So wurde die ganztägige Fachtagung „25 Jahre Frühreha in Gailingen“ mit ihren Vorträgern und Workshops auch zu einer Würdigung von Paul Diesener. Dieser habe innovativ, bestens vernetzt, mit Weitblick, stets neugierig, interprofessionell und praxisnah dafür gesorgt, so Verwaltungsdirektorin Barbara Martetschläger in ihrer Begrüßung, dass die Patienten aus ganz Deutschland samt ihren Eltern in Gailingen bestens versorgt wurden. Sie zitierte Diesener mit seinen eigenen Worten: „Eine gute Notfallversorgung ist ohne eine anschließende Reha unvollständig“. Das habe er tagtäglich bewiesen, der Erfolg gab ihm recht. Als Dieseners „Lebenswerk“ bezeichnete Dr. Andreas Weidmann, Ärztlicher Direktor des HJW, die Frühreha des Hegau-Jugendwerks.

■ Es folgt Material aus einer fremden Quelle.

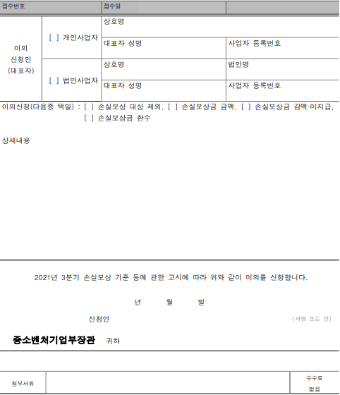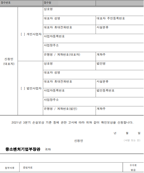 ■ 2021년 3분기 손실보상 기준 등에 관한 고시 [별지 제2호서식]

Die zahlreichen Grußworten von namhaften, aus ganz Deutschland kommenden Vertretern anderer Kliniken, von Selbsthilfegruppen, Arbeitsgemeinschaften und Vereinen wie zum Beispiel dem Dysphagie-Netzwerk-Südwest, mit denen Diesener über viele Jahre zusammen arbeitete, zeigten die große Wertschätzung und Anerkennung für ihn und seine Lebensleistung.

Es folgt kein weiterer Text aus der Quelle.